GIVEN RECORDS:
-------

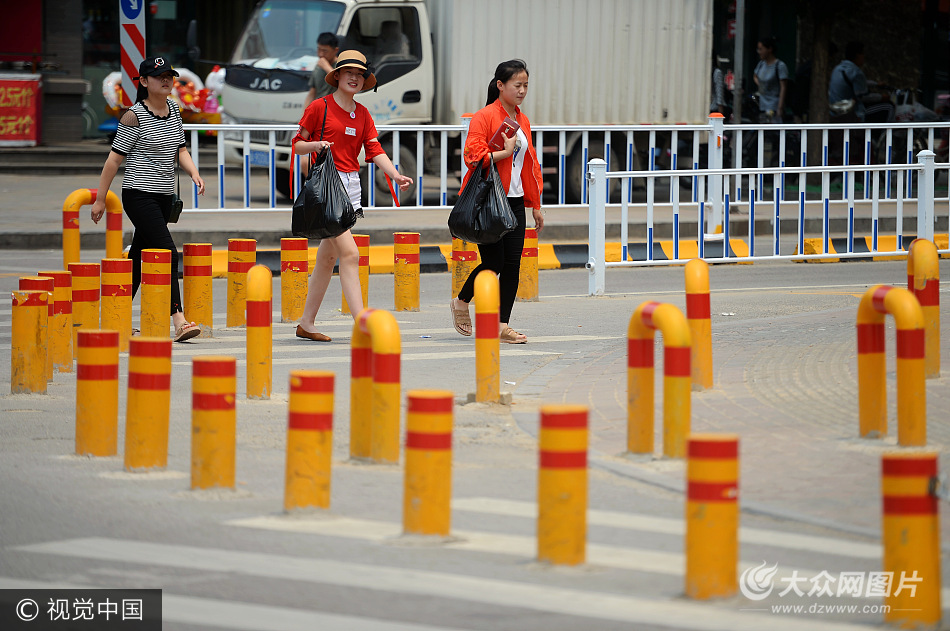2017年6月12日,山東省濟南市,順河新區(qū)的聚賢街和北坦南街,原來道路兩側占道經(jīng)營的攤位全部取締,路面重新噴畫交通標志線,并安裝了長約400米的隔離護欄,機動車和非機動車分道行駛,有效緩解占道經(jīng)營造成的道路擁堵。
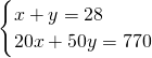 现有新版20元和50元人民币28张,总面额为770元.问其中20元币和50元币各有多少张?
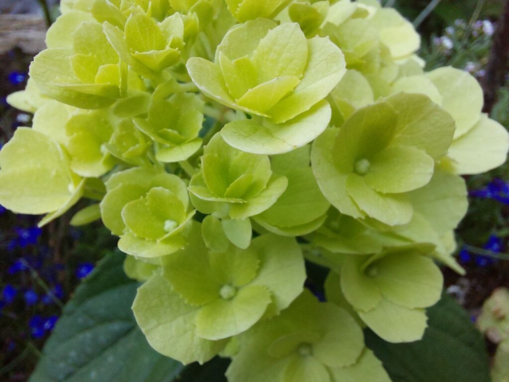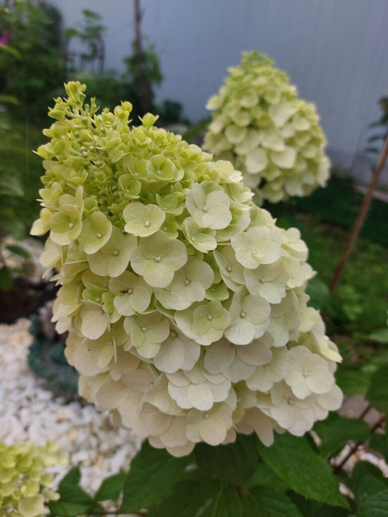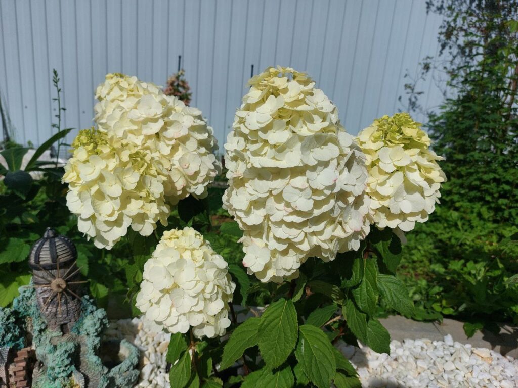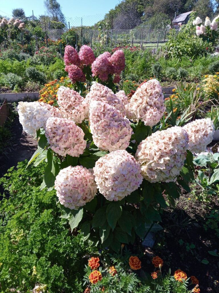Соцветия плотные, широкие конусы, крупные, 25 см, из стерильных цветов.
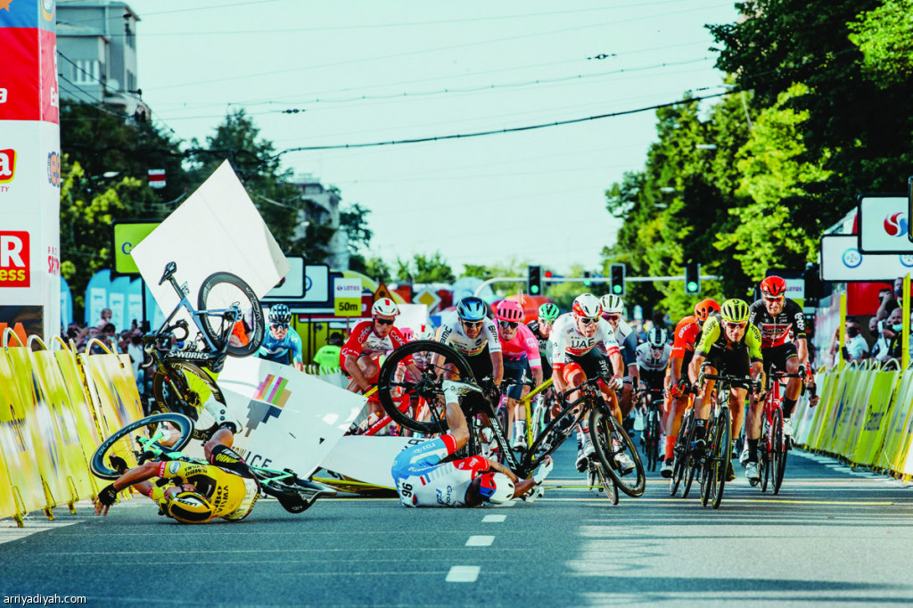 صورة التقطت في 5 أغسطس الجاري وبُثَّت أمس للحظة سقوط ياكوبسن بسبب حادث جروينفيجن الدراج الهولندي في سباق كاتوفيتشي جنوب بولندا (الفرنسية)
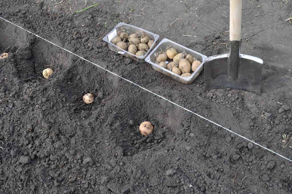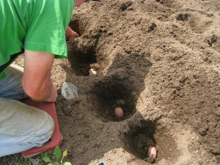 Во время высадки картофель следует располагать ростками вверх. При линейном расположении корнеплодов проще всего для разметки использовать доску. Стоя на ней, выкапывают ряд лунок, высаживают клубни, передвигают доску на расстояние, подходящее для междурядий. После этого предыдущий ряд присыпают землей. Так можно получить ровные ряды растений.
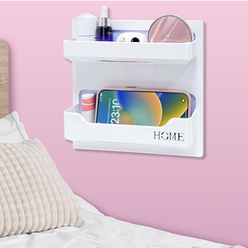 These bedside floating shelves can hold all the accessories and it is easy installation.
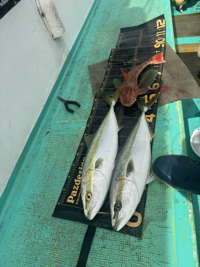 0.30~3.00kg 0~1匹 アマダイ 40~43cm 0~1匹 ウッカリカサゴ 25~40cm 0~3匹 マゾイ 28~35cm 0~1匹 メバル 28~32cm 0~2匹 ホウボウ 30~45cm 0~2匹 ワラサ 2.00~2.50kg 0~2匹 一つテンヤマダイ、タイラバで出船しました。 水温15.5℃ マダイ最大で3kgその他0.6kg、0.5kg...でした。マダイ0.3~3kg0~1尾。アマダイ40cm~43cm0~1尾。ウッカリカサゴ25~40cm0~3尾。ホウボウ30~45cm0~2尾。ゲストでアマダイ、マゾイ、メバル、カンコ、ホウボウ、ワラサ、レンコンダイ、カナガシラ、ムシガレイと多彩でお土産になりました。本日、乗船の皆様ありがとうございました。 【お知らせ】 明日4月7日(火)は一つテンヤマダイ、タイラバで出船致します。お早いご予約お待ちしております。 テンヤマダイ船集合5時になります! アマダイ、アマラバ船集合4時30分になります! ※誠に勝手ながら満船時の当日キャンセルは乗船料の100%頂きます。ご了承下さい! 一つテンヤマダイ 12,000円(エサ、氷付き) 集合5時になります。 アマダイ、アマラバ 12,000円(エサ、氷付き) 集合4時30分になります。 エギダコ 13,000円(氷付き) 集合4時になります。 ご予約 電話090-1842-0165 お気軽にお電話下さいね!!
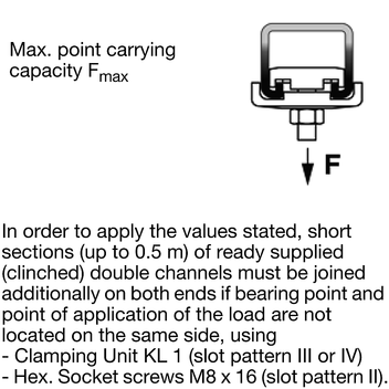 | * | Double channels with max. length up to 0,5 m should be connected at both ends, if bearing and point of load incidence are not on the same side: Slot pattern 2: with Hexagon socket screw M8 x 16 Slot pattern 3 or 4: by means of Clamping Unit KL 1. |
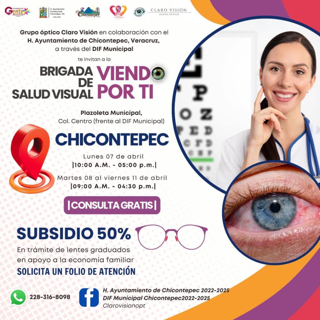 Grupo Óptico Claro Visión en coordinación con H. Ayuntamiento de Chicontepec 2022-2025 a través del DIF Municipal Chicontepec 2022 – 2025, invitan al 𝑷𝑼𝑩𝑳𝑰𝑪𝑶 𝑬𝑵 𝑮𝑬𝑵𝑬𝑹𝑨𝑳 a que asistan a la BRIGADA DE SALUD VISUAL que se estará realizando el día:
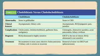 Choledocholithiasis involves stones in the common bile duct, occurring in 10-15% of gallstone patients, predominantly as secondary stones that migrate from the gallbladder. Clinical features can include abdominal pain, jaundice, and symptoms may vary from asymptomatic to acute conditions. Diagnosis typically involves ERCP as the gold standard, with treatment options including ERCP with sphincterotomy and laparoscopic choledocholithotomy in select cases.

-------

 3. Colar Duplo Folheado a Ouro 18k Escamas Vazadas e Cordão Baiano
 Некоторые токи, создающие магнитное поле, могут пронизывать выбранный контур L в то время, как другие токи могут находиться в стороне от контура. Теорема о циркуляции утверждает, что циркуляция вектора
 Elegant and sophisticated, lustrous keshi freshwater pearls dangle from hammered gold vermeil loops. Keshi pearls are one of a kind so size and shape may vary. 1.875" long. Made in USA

-------

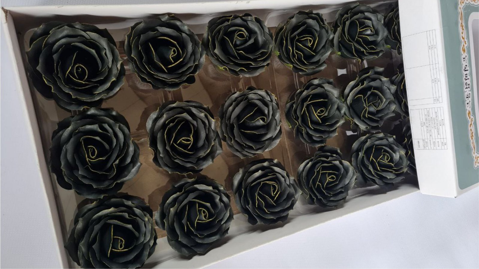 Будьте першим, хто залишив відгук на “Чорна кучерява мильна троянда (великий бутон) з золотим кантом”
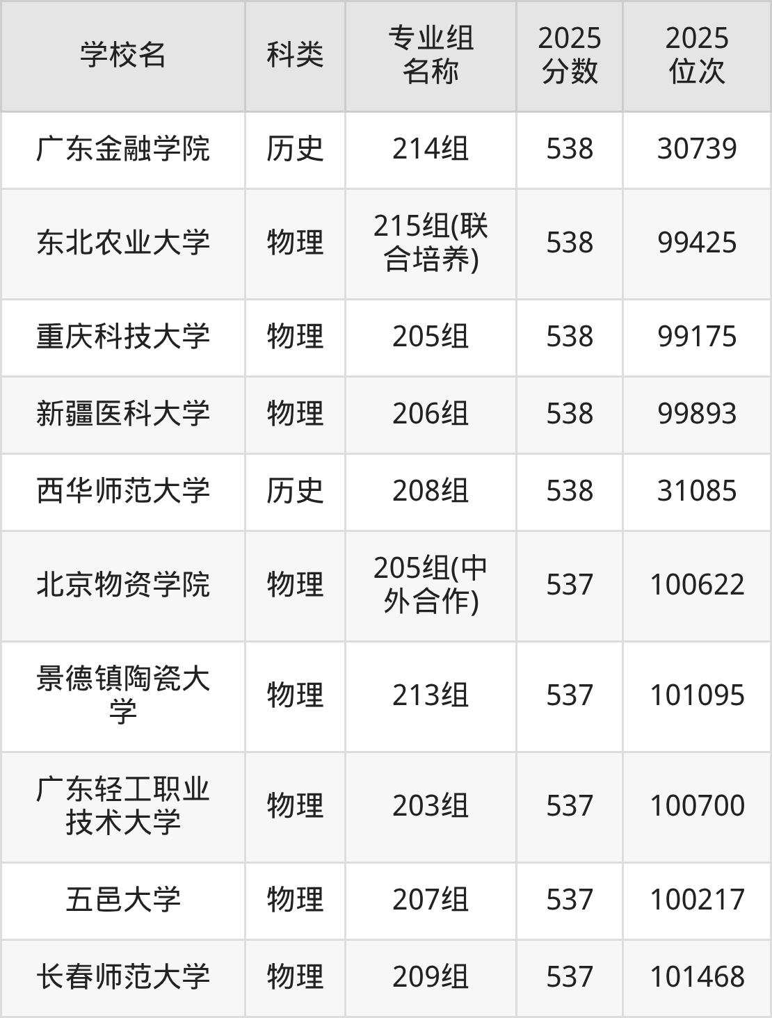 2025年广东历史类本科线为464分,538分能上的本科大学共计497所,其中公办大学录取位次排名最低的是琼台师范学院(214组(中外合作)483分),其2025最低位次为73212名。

-------

PROBLEM:
Among the records above, locate the line containing "2017年6月12日,山東省" and the line containing "Grupo Óptico Claro", then transcribe exactly the lines starting at the first and ending at the second, with no pictures.

RESULT OF THIS TASK:
2017年6月12日,山東省濟南市,順河新區(qū)的聚賢街和北坦南街,原來道路兩側占道經(jīng)營的攤位全部取締,路面重新噴畫交通標志線,并安裝了長約400米的隔離護欄,機動車和非機動車分道行駛,有效緩解占道經(jīng)營造成的道路擁堵。
 现有新版20元和50元人民币28张,总面额为770元.问其中20元币和50元币各有多少张?
Соцветия плотные, широкие конусы, крупные, 25 см, из стерильных цветов.
 صورة التقطت في 5 أغسطس الجاري وبُثَّت أمس للحظة سقوط ياكوبسن بسبب حادث جروينفيجن الدراج الهولندي في سباق كاتوفيتشي جنوب بولندا (الفرنسية)
 Во время высадки картофель следует располагать ростками вверх. При линейном расположении корнеплодов проще всего для разметки использовать доску. Стоя на ней, выкапывают ряд лунок, высаживают клубни, передвигают доску на расстояние, подходящее для междурядий. После этого предыдущий ряд присыпают землей. Так можно получить ровные ряды растений.
 These bedside floating shelves can hold all the accessories and it is easy installation.
 0.30~3.00kg 0~1匹 アマダイ 40~43cm 0~1匹 ウッカリカサゴ 25~40cm 0~3匹 マゾイ 28~35cm 0~1匹 メバル 28~32cm 0~2匹 ホウボウ 30~45cm 0~2匹 ワラサ 2.00~2.50kg 0~2匹 一つテンヤマダイ、タイラバで出船しました。 水温15.5℃ マダイ最大で3kgその他0.6kg、0.5kg...でした。マダイ0.3~3kg0~1尾。アマダイ40cm~43cm0~1尾。ウッカリカサゴ25~40cm0~3尾。ホウボウ30~45cm0~2尾。ゲストでアマダイ、マゾイ、メバル、カンコ、ホウボウ、ワラサ、レンコンダイ、カナガシラ、ムシガレイと多彩でお土産になりました。本日、乗船の皆様ありがとうございました。 【お知らせ】 明日4月7日(火)は一つテンヤマダイ、タイラバで出船致します。お早いご予約お待ちしております。 テンヤマダイ船集合5時になります! アマダイ、アマラバ船集合4時30分になります! ※誠に勝手ながら満船時の当日キャンセルは乗船料の100%頂きます。ご了承下さい! 一つテンヤマダイ 12,000円(エサ、氷付き) 集合5時になります。 アマダイ、アマラバ 12,000円(エサ、氷付き) 集合4時30分になります。 エギダコ 13,000円(氷付き) 集合4時になります。 ご予約 電話090-1842-0165 お気軽にお電話下さいね!!
 | * | Double channels with max. length up to 0,5 m should be connected at both ends, if bearing and point of load incidence are not on the same side: Slot pattern 2: with Hexagon socket screw M8 x 16 Slot pattern 3 or 4: by means of Clamping Unit KL 1. |
 Grupo Óptico Claro Visión en coordinación con H. Ayuntamiento de Chicontepec 2022-2025 a través del DIF Municipal Chicontepec 2022 – 2025, invitan al 𝑷𝑼𝑩𝑳𝑰𝑪𝑶 𝑬𝑵 𝑮𝑬𝑵𝑬𝑹𝑨𝑳 a que asistan a la BRIGADA DE SALUD VISUAL que se estará realizando el día:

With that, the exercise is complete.